Question

Let $A\left( {1,k} \right)$, $B\left( {1,1} \right)$ and $C\left( {2,1} \right)$ be the vertices of a right angled triangle with $AC$ as it’s hypotenuse. If the area of the triangle is $1$, then the set of value which $k$ can take is given by
A) $\left\{ {1,3} \right\}$
B) $\left\{ {0,2} \right\}$
C) $\left\{ { - 1,3} \right\}$
D) $\left\{ { - 3, - 2} \right\}$

Answer 1

Hint: We are to first identify the point at which the triangle is right angled. Then from the given points we can get the distance between two points in order to find the length of the base and height of the triangle, by using the formula,
$d = \sqrt {{{\left( {{x_2} - {x_1}} \right)}^2} + {{\left( {{y_2} - {y_1}} \right)}^2}} $
So, after finding the height and base we can use the area of triangle, given,
Area of triangle, ${A_r} = \dfrac{1}{2} \times base \times height$
Now, from the given conditions, we can find the values of k.

Complete step by step answer:
The given points are, $A\left( {1,k} \right)$, $B\left( {1,1} \right)$, $C\left( {2,1} \right)$.
Also, the area of the triangle is given to be $1$ sq. units.
Now, given $AC$ is the hypotenuse of the triangle, so, that means the triangle is right angled at $B$.
So, the base and height of the triangle are $AB$ and $BC$.
Now, by using the distance formula, we get,
$AB = \sqrt {{{\left( {1 - 1} \right)}^2} + {{\left( {1 - k} \right)}^2}} $
$ \Rightarrow AB = \sqrt {{{\left( 0 \right)}^2} + {{\left( {1 - k} \right)}^2}} $
$ \Rightarrow AB = \sqrt {{{\left( {1 - k} \right)}^2}} $
$ \Rightarrow AB = \pm (1 - k)$
And, $BC = \sqrt {{{\left( {2 - 1} \right)}^2} + {{\left( {1 - 1} \right)}^2}} $
$ \Rightarrow BC = \sqrt {{{\left( 1 \right)}^2} + {{\left( 0 \right)}^2}} $
$ \Rightarrow BC = 1$
So, we have the height and base of the triangle.
So, using the formula of area of a triangle, we get,
Area of triangle, ${A_r} = \dfrac{1}{2} \times base \times height$
$ \Rightarrow {A_r} = \dfrac{1}{2} \times \left( { \pm \left( {1 - k} \right)} \right) \times 1$
$ \Rightarrow {A_r} = \dfrac{{ \pm (1 - k)}}{2}$
Now, given, the area of the triangle is $1$.
Now, substituting the value in the above equation, we get,
$\dfrac{{ \pm \left( {1 - k} \right)}}{2} = 1$
$ \Rightarrow 2 = \pm \left( {1 - k} \right) - - - - \left( 1 \right)$
Now, for $ + \left( {1 - k} \right)$, we get,
$ \Rightarrow 2 = 1 - k$
Adding $ - 1$ on both sides, we get,
$ \Rightarrow 2 - 1 = - k$
$ \Rightarrow 1 = - k$
Multiplying both sides with $ - 1$, we get,
$ \Rightarrow k = - 1$
Now, for $ - \left( {1 - k} \right)$ in equation $\left( 1 \right)$, we get,
$ \Rightarrow 2 = - \left( {1 - k} \right)$
$ \Rightarrow 2 = - 1 + k$
Now, adding $1$ on both sides, we get,
$ \Rightarrow 2 + 1 = k$
$ \Rightarrow k = 3$
Therefore, the set of values which $k$ can take is $\left\{ { - 1,3} \right\}$, the correct option is option (C).

Note:
We can also do the given problem by another method.
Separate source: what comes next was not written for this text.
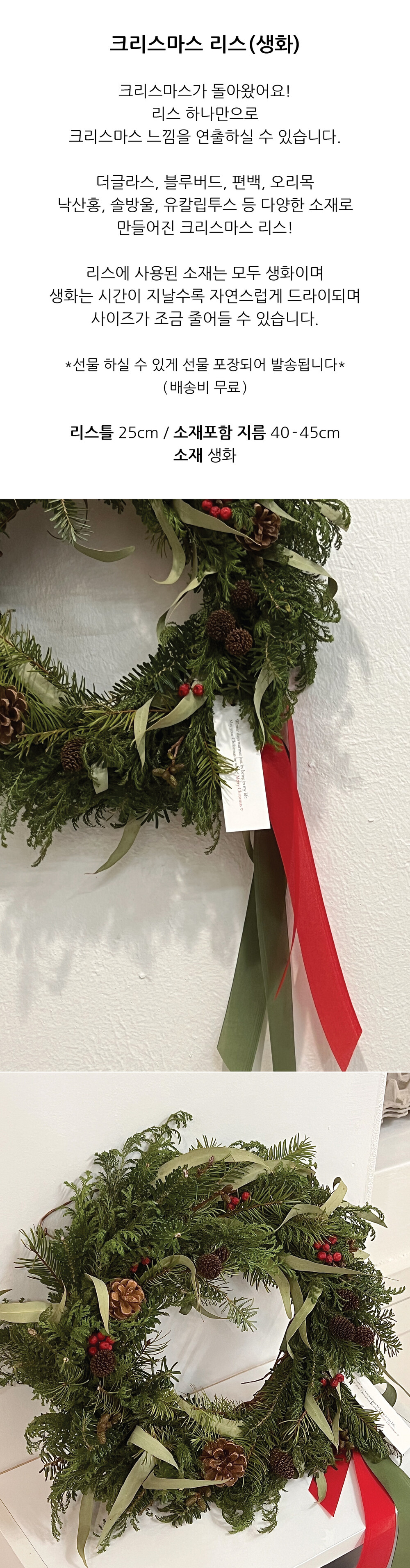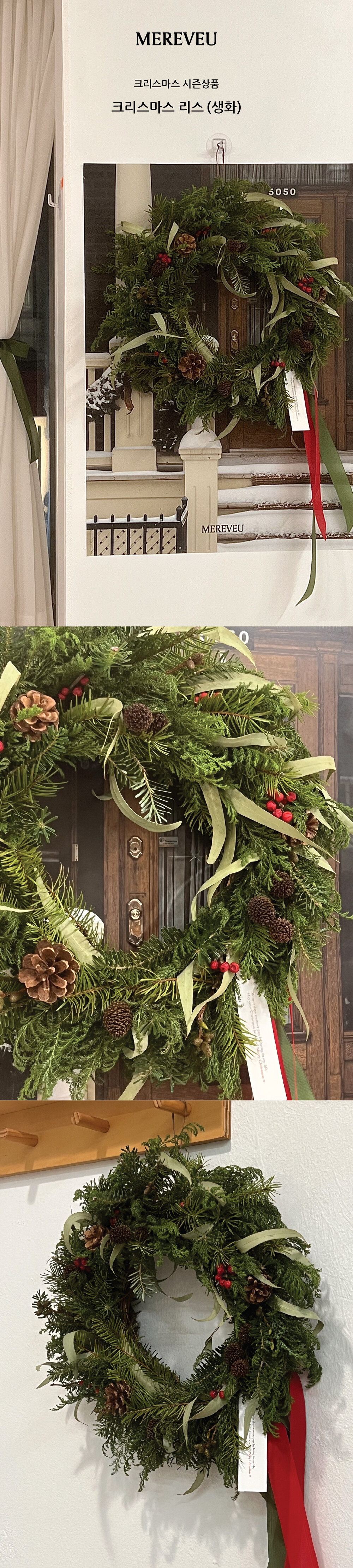 크리스마스 리스 생화 편백 매장 인테리어소품 벽장식

We can find the area of the triangle only if the points of the triangle are given. Then we can use the formula,
Area of triangle, ${A_r} = \dfrac{1}{2}\left| {{x_1}\left( {{y_2} - {y_3}} \right) + {x_2}\left( {{y_3} - {y_1}} \right) + {x_3}\left( {{y_1} - {y_2}} \right)} \right|$
But, in the given problem if this method is used, the equation may become a bit complex, so we chose the simpler approach.